Back to notebook Case 004

Data Processing

Mass data pipelines, cleansing and ETL automation for critical datasets in production workflows.

Mission

Replace fragile manual imports with repeatable, safer data-processing workflows at production scale.

Current Stack
PythonMySQLPostgreSQLSQL

Casefile Summary

System Role

ETL and cleanup layer for high-volume imports that need repeatable processing and safer operational reruns.

Primary Users

Internal operations and systems that depend on large datasets arriving clean enough for downstream use.

Operational Constraint

Encoding, malformed rows and partial failures had to be treated as first-class workflow behavior, not one-off exceptions.

Why It Exists

To replace fragile import scripts and manual cleanup with one operational workflow that can process large batches safely.

Problem

Large imports were error-prone, repetitive and exposed to encoding issues that did not show up in small test runs.

Architecture

The workflow separates staging, cleanup and final persistence so bad data can be corrected without corrupting the target state.

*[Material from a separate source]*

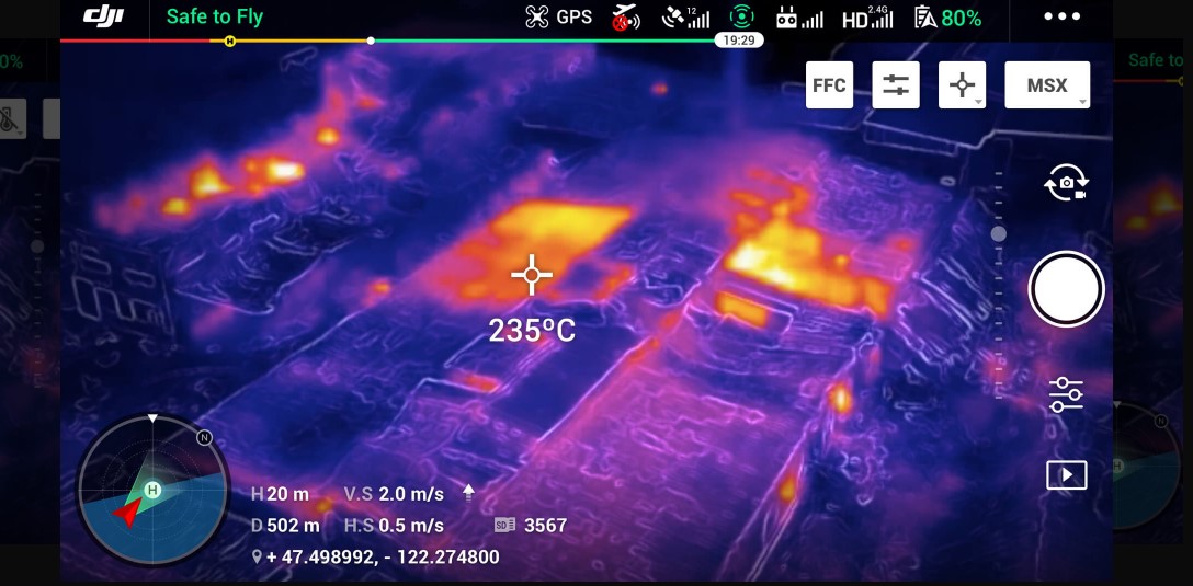 Благодаря фирменной технологии мультиспектрального смешивания FLIR MSX, квадрокоптер может вести съемку сразу с двух камер одновременно (тепловой и цифровой) и смешивать два снимка, в следствии чего вы получите высокодетализированную картинку и сможете увидеть мельчайшие детали теплового снимка, что не могут обеспечить тепловизоры даже с очень высоким разрешением тепловой матрицы.

Source file -> staging tables -> cleanup rules -> validated rows
     |               |                |                 |
     v               v                v                 v
 batch input    raw persistence   SQL / Python     target tables

Key Decisions

  • Use staging layers before touching production-facing tables.
  • Handle encoding and malformed data as part of the pipeline.
  • Prefer repeatable reruns over manual cleanup heroics.

System Diagram

flowchart LR A["Source JSON / CSV Files"] --> B["Staging Load"] B --> C["Normalization / Flattening"] C --> D["Validation + Cleanup Rules"] D --> E["Chunked Delivery"] E --> F["Sheets / Target Tables"]

Operational Flow

01 Intake

Batches are received

Large source datasets arrive with inconsistent content, formatting and hidden cleanup work.

02 Staging

Raw rows are isolated first

Data lands in staging so cleanup and validation can happen before production tables are touched.

03 Cleanup

Rules normalize the batch

Encoding fixes, trimming, transformations and rejects are handled as pipeline logic instead of manual edits.

04 Persist

Validated data moves forward

Only cleaned and trusted rows continue into the operational dataset.

Repository Snippet

Based on the private import automation script, anonymized down to the normalization pattern.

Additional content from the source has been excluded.